**EXERCISE MATERIAL:**
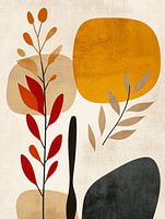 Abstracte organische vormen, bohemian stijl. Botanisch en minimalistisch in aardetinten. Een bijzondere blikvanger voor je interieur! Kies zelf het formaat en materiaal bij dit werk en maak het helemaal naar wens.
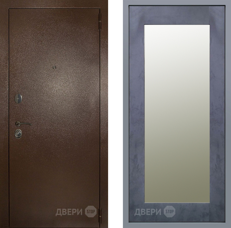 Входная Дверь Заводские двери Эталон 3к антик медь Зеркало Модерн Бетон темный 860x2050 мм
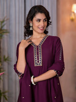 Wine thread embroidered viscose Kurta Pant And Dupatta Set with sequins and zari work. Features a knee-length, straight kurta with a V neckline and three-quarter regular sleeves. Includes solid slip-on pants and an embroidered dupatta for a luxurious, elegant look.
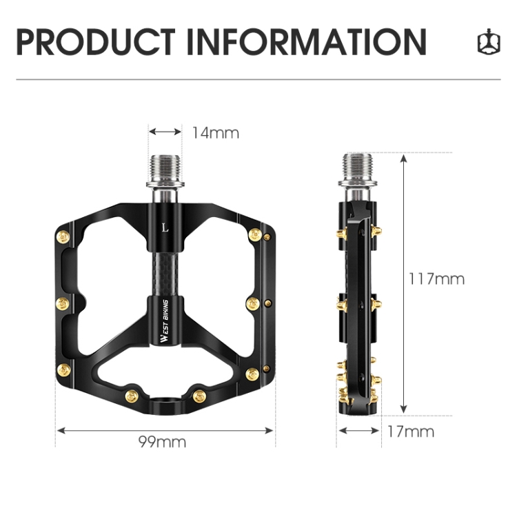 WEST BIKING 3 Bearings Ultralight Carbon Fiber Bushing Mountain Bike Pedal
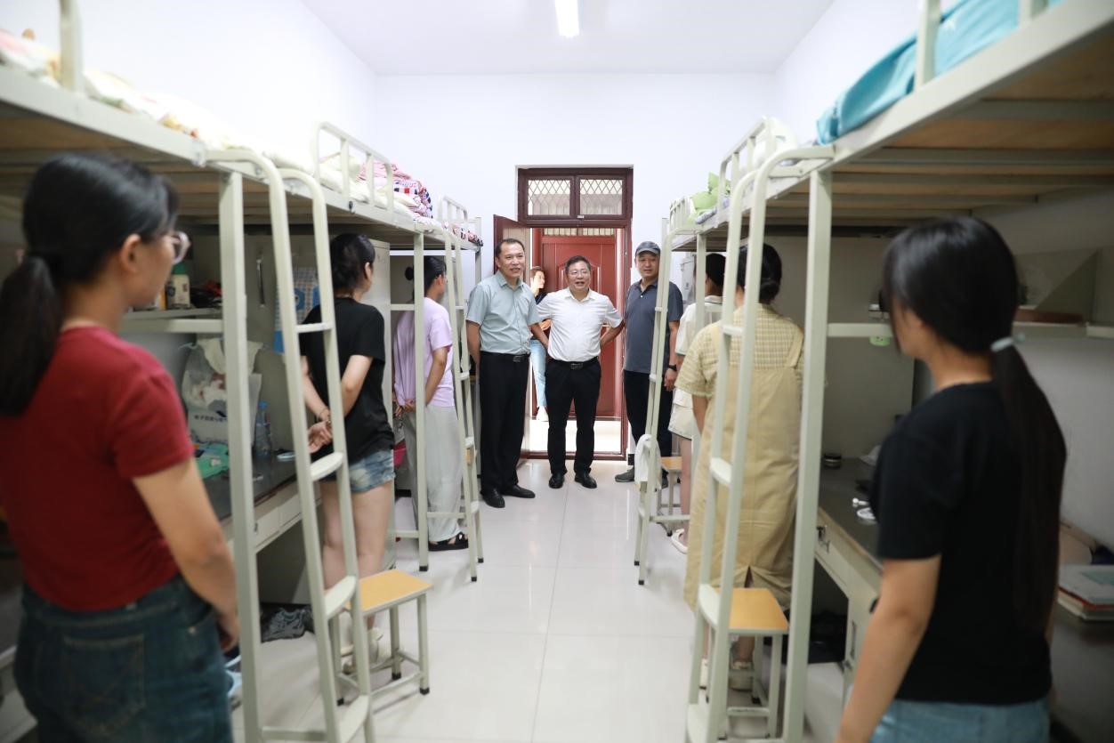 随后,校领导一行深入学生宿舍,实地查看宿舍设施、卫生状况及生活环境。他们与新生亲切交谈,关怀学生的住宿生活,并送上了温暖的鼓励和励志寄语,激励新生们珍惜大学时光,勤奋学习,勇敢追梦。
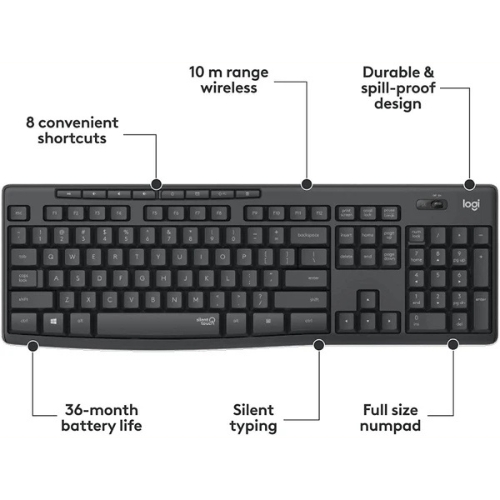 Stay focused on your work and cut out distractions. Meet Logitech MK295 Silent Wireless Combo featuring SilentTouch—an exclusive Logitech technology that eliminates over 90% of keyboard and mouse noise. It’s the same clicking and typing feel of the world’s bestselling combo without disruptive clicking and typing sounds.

* * *

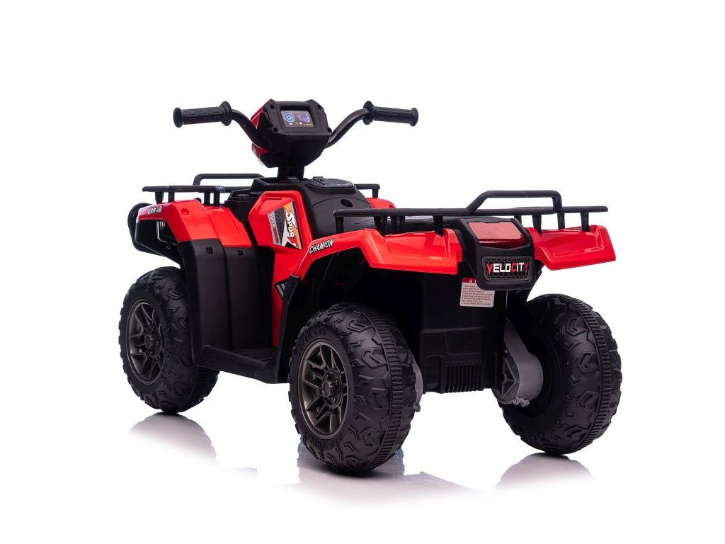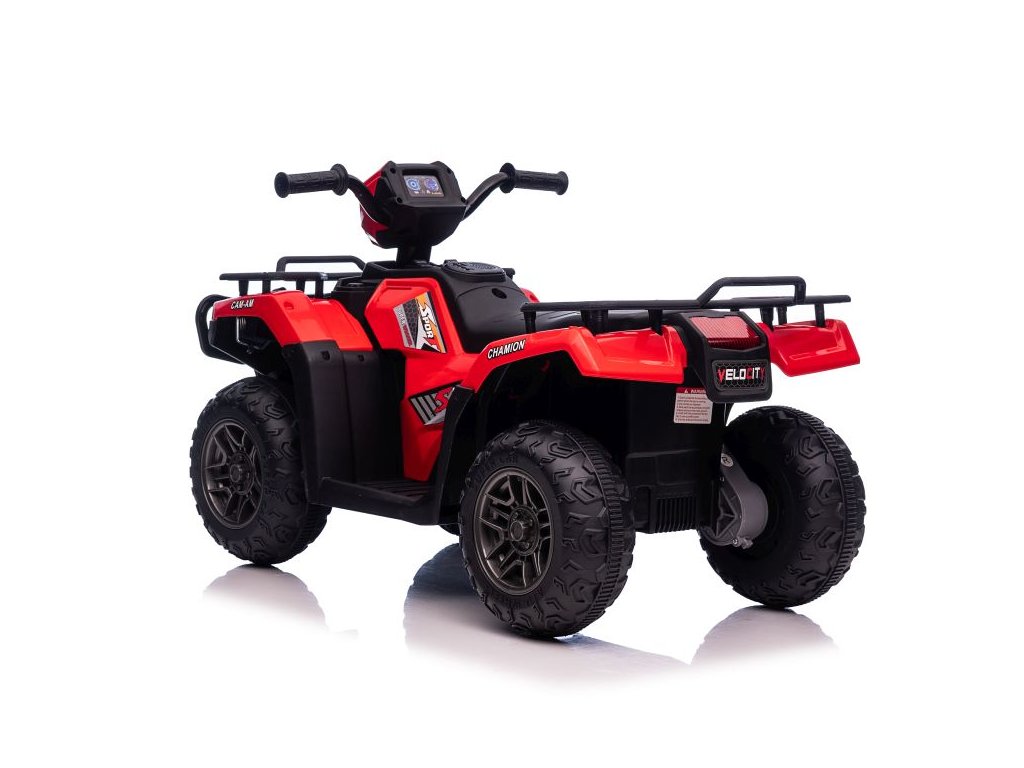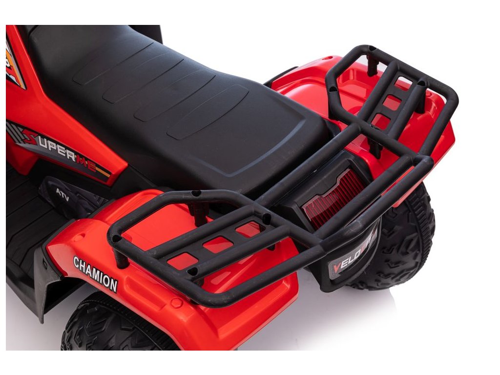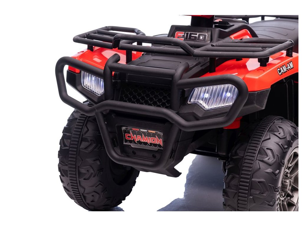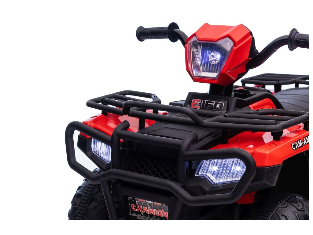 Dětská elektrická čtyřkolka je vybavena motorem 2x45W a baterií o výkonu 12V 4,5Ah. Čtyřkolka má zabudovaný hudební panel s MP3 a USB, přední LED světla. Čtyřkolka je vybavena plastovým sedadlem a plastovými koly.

**WHAT THE EXERCISE ASKS:** When you reach the line with "Abstracte organische vormen, bohemian" in the records above, begin repeating the lines exactly, and stop after the line with "Stay focused on". Skip all pictures.

**EXPECTED OUTPUT:**
 Abstracte organische vormen, bohemian stijl. Botanisch en minimalistisch in aardetinten. Een bijzondere blikvanger voor je interieur! Kies zelf het formaat en materiaal bij dit werk en maak het helemaal naar wens.
 Входная Дверь Заводские двери Эталон 3к антик медь Зеркало Модерн Бетон темный 860x2050 мм
 Wine thread embroidered viscose Kurta Pant And Dupatta Set with sequins and zari work. Features a knee-length, straight kurta with a V neckline and three-quarter regular sleeves. Includes solid slip-on pants and an embroidered dupatta for a luxurious, elegant look.
 WEST BIKING 3 Bearings Ultralight Carbon Fiber Bushing Mountain Bike Pedal
 随后,校领导一行深入学生宿舍,实地查看宿舍设施、卫生状况及生活环境。他们与新生亲切交谈,关怀学生的住宿生活,并送上了温暖的鼓励和励志寄语,激励新生们珍惜大学时光,勤奋学习,勇敢追梦。
 Stay focused on your work and cut out distractions. Meet Logitech MK295 Silent Wireless Combo featuring SilentTouch—an exclusive Logitech technology that eliminates over 90% of keyboard and mouse noise. It’s the same clicking and typing feel of the world’s bestselling combo without disruptive clicking and typing sounds.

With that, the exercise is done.